I know the shop you are talking about taking the name of. It has to do with an Alice In Wonderland theme right?
I guess whoever tradmarks it first gets it first though... but I will still feel bad for the woman that owns the Etsy shop you are referring to. She has worked extremely hard to build up her business and her soaps are amazing. But I'm not saying yours aren't amazing or that you didn't work hard. It just sucks a lot when you want the same name as someone else. I know how that feels.


----------



## NurturedBellyDoula (Nov 29, 2011)

I wouldn't take the name. You should just get a new one. Maybe they are planning on opening their website soon.
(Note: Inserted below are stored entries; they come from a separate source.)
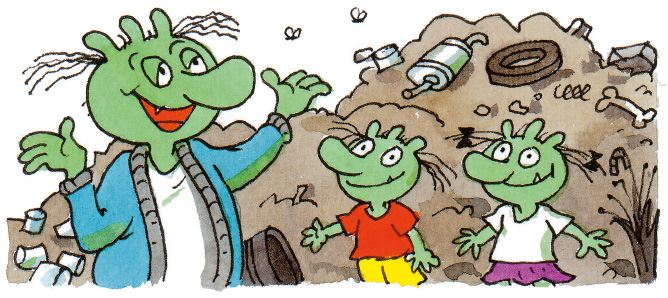 – Тухлая половая тряпка, настоящее путешествие! Какое счастье! Как волнительно! Скорее бы! – кричит на всю свалку бабуля Огри. Она заталкивает в синий мусорный мешок старый граммофон и свою любимую пластинку.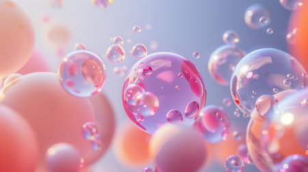A mesmerizing scene of floating pink bubbles in a dreamy abstract environment with soft lighting effects.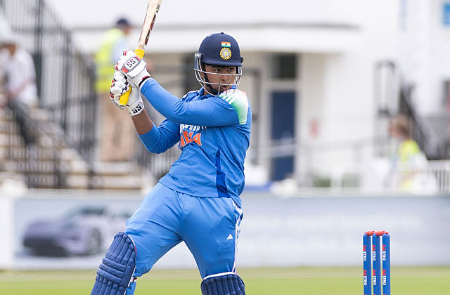 भारत के लिए आरोन जॉर्ज और वैभव सूर्यवंशी ने आक्रामक शुरुआत की। दोनों ने मिलकर सिर्फ 4.1 ओवर में 50 रन जोड़ दिए। जॉर्ज ने 19 गेंदों में 20 रन बनाए और 6.1 ओवर में भारत का स्कोर 67/1 था। इसके बाद भी सूर्यवंशी का हमला जारी रहा, जिससे रन रेट लगातार ऊंचा बना रहा।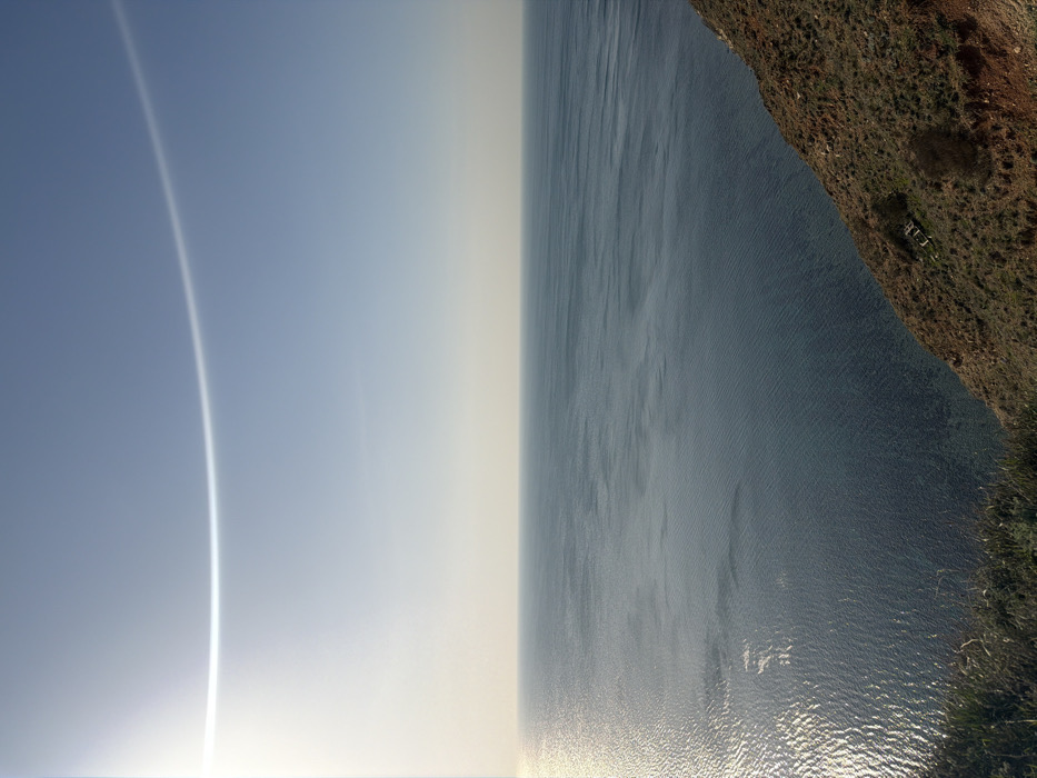 This image presents an elevated, wide-angle view of the Black Sea coastline near Anapa, Russia. The upper half of the frame consists of a clear, light blue sky, transitioning to a paler hue near the horizon. A prominent, curved lens flare is visible in the upper-left quadrant, emanating from an off-frame light source. The mid-ground is dominated by the calm, deep blue-green waters of the sea, exhibiting numerous small surface ripples. Sunlight reflects off the water in the left foreground, creating a bright, shimmering path that extends towards the center. The bottom-right section of the image features a steep, arid coastal slope or cliff, covered with sparse, dry green and brown vegetation, interspersed with exposed reddish-brown earth and rocks. A small, dark shrub is present on this slope. Indistinct, light-colored debris is visible on the lower section of the vegetated incline. No individuals or overt human activity are depicted.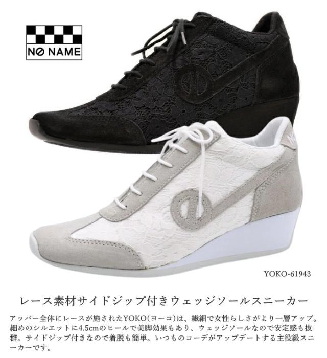 NO NAME ノーネーム ヒールスニーカー YOKO-61943 ヨーコ ブラック ホワイト 軽量 スニーカー ウェッジソール

You just never know.


----------



## timley (Jan 3, 2012)

I feel you have to consider the fact that sharing the same name with another company on line may cross traffic from your would be customer who could possibly end up on the other site when actually trying to get to you. :cry:


----------



## Lindy (Jan 4, 2012)

Personally I think you should come up with your name.  Just because you can "legally" take the name it does make it right.  Instead of trying to compete on name why not come up with something that is uniquely you, that represents who you are and where you are so that you can stand out in the crowd.

Of course that is only my opinion.....


----------



## Tabitha (Jan 4, 2012)

This thread is a year old.

BTW: She did not TAKE the name. She stated she had already been using it and just noticed someone else was also using it. She may have been using it longer. That was never identified.


----------



## Lindy (Jan 4, 2012)

LOL - I didn't check the original date Tabitha....


----------